▸ TASK TO COMPLETE
I'd like the listing below copied exactly, with the images left out.

▸ SUPPLIED DATA

- - - -

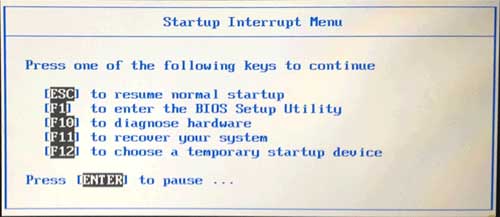 1. Turn on the computer and immediately press the ESC key to display the Startup Menu, and then press the F10 to enter BIOS Setup.
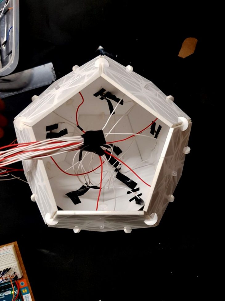 BEATBALL captures the illumination data of the space and allows you to interact by shadowing each of the 6 light sensors. The photocell sensors correspond to an individual sound and light effect. The code is written in #Processing where the visualization is created by mapping the location of each point of interaction with a triangulation projected on a sphere.
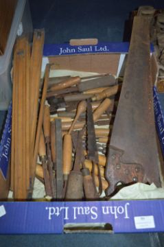 Box Containing Assorted Wood & Brass Carpentry Tools Including Chisels, Hand Saws, etc.

- - - -

▸ SOLUTION FOR THIS PROBLEM
 1. Turn on the computer and immediately press the ESC key to display the Startup Menu, and then press the F10 to enter BIOS Setup.
 BEATBALL captures the illumination data of the space and allows you to interact by shadowing each of the 6 light sensors. The photocell sensors correspond to an individual sound and light effect. The code is written in #Processing where the visualization is created by mapping the location of each point of interaction with a triangulation projected on a sphere.
 Box Containing Assorted Wood & Brass Carpentry Tools Including Chisels, Hand Saws, etc.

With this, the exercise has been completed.